(WHAT TO WORK ON):
All pictures should be dropped, and only the lines from the top of the entries below through the line containing "OROLOGIO POLSO ZCC" repeated exactly, both ends included.

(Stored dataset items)
- Opening Delimiter -
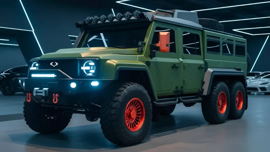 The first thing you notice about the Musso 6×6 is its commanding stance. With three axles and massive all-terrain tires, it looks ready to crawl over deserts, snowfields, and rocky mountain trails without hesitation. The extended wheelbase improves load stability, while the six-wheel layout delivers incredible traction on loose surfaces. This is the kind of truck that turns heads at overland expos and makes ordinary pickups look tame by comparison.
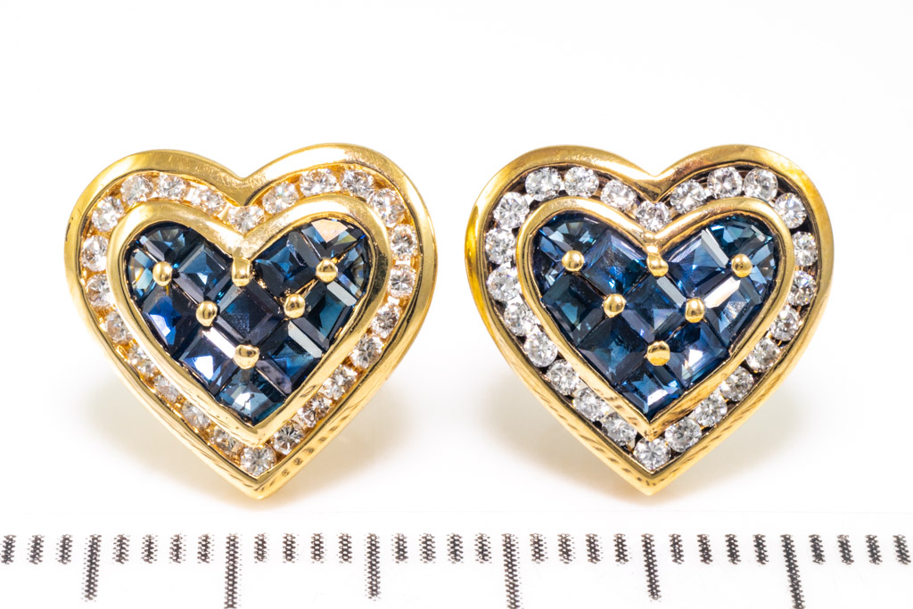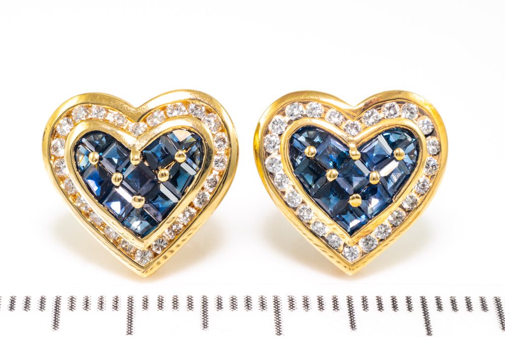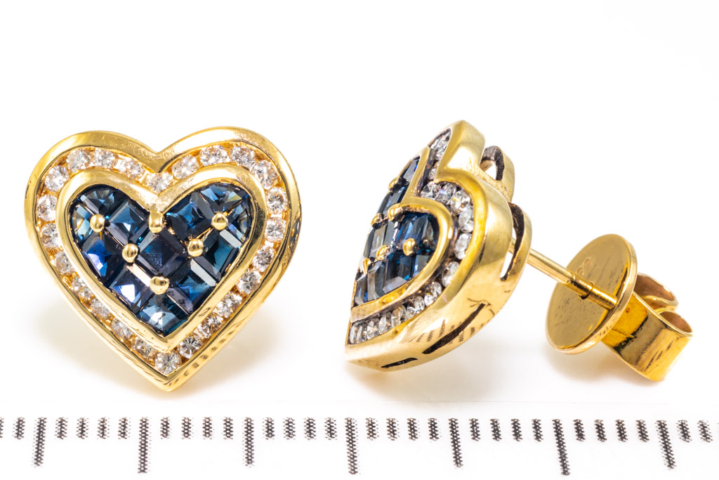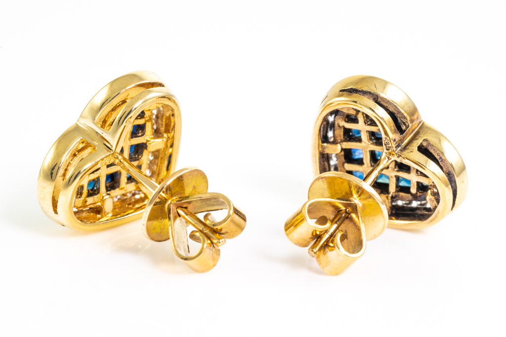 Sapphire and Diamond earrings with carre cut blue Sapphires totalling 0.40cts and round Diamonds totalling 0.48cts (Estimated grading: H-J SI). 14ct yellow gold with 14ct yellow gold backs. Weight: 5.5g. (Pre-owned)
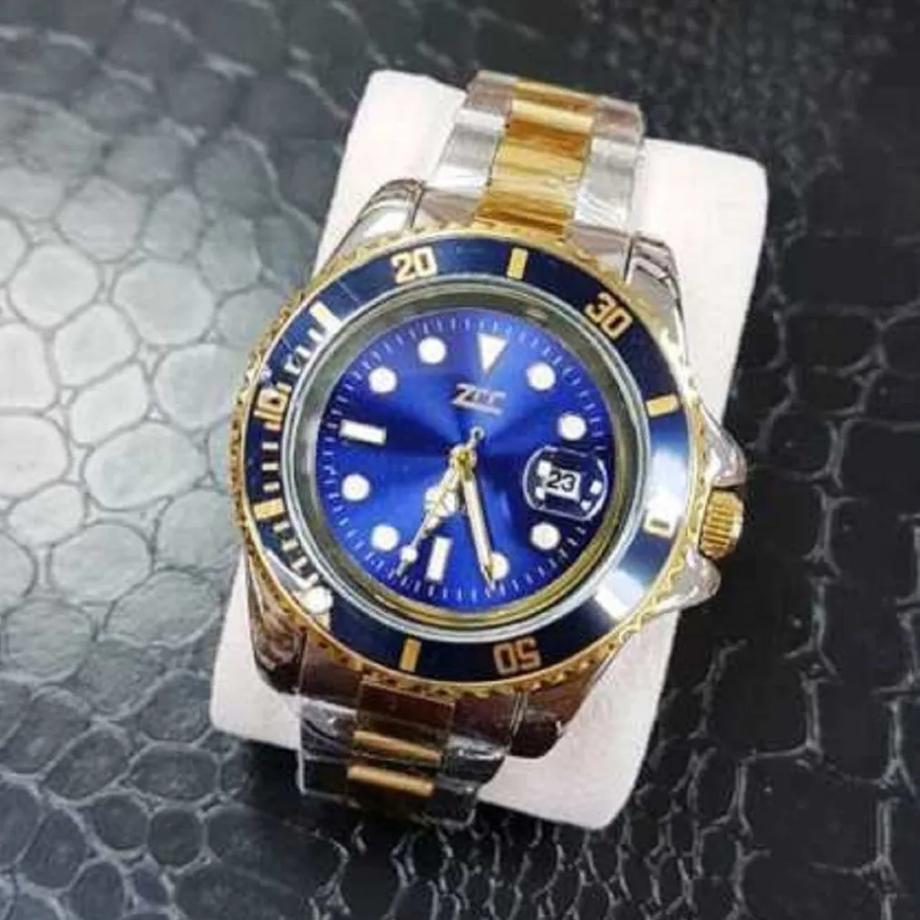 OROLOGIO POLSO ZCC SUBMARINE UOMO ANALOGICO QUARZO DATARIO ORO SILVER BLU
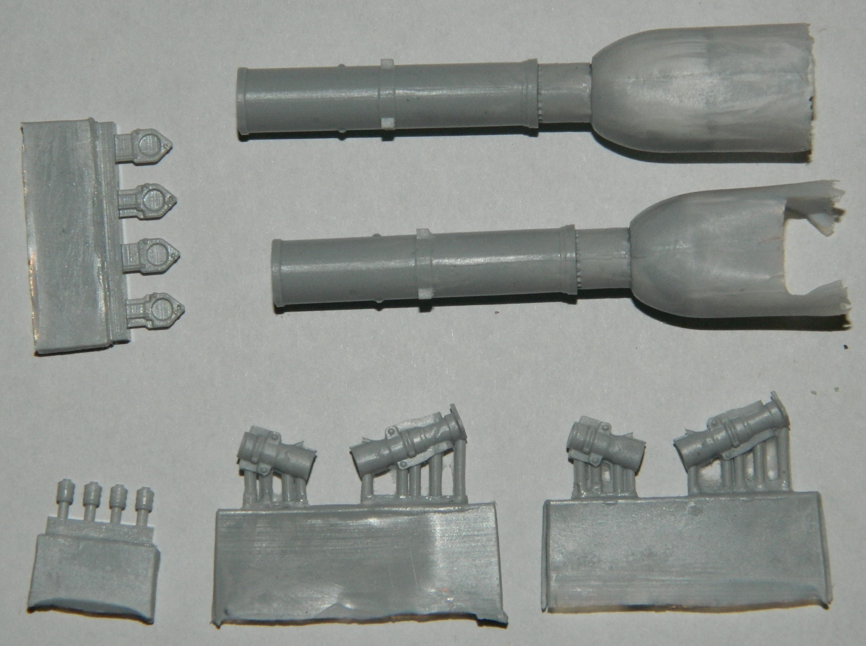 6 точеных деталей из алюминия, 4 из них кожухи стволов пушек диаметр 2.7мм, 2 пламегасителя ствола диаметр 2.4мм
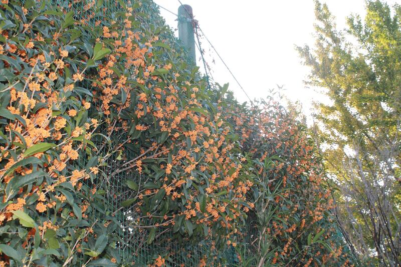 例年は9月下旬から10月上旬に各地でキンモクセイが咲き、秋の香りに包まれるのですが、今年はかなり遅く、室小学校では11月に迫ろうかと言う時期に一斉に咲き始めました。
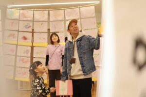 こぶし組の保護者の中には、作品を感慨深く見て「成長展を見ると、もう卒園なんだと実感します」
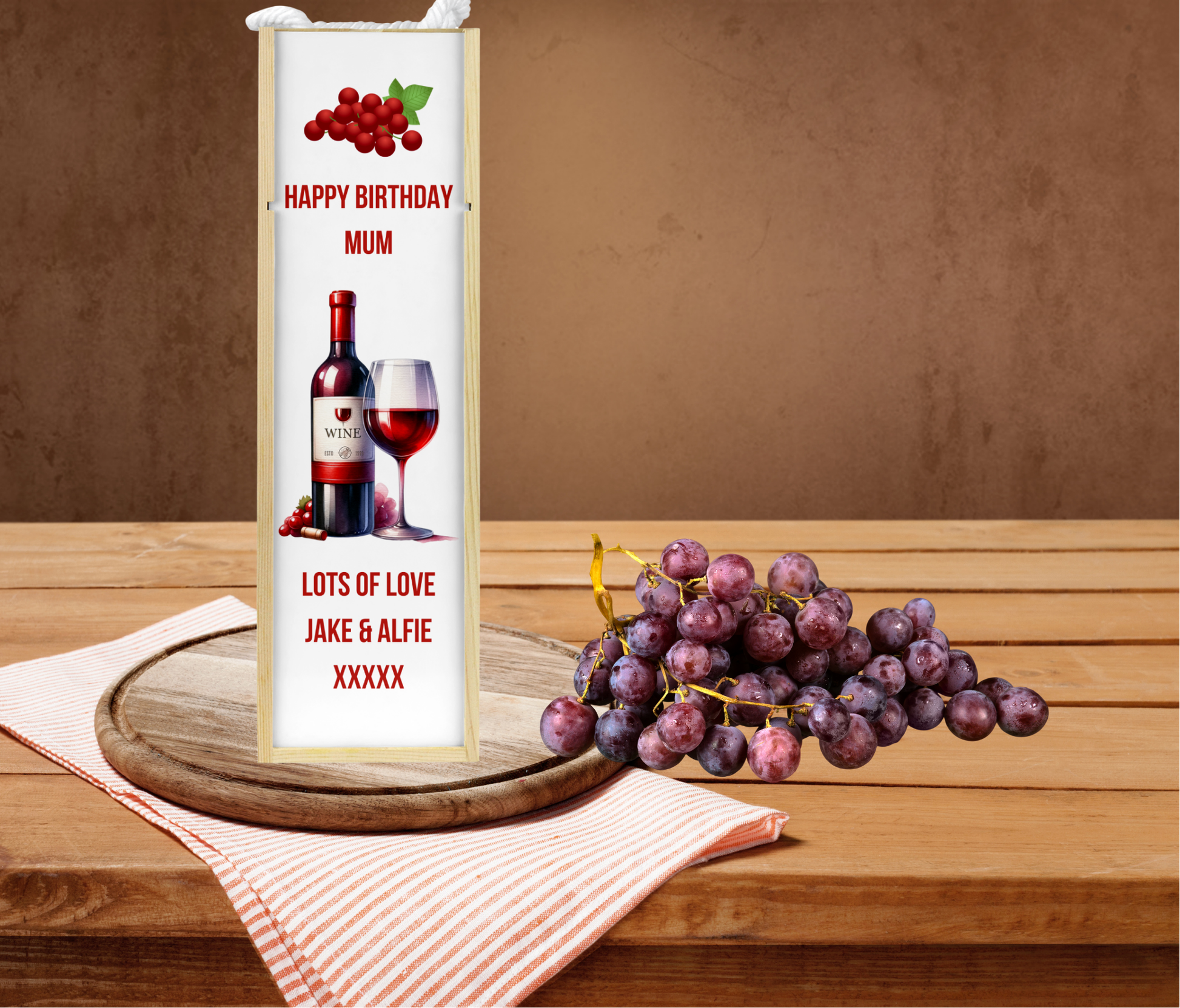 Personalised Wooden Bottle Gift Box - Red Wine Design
- Closing Delimiter -
(FINISHED TASK):
 The first thing you notice about the Musso 6×6 is its commanding stance. With three axles and massive all-terrain tires, it looks ready to crawl over deserts, snowfields, and rocky mountain trails without hesitation. The extended wheelbase improves load stability, while the six-wheel layout delivers incredible traction on loose surfaces. This is the kind of truck that turns heads at overland expos and makes ordinary pickups look tame by comparison.
 Sapphire and Diamond earrings with carre cut blue Sapphires totalling 0.40cts and round Diamonds totalling 0.48cts (Estimated grading: H-J SI). 14ct yellow gold with 14ct yellow gold backs. Weight: 5.5g. (Pre-owned)
 OROLOGIO POLSO ZCC SUBMARINE UOMO ANALOGICO QUARZO DATARIO ORO SILVER BLU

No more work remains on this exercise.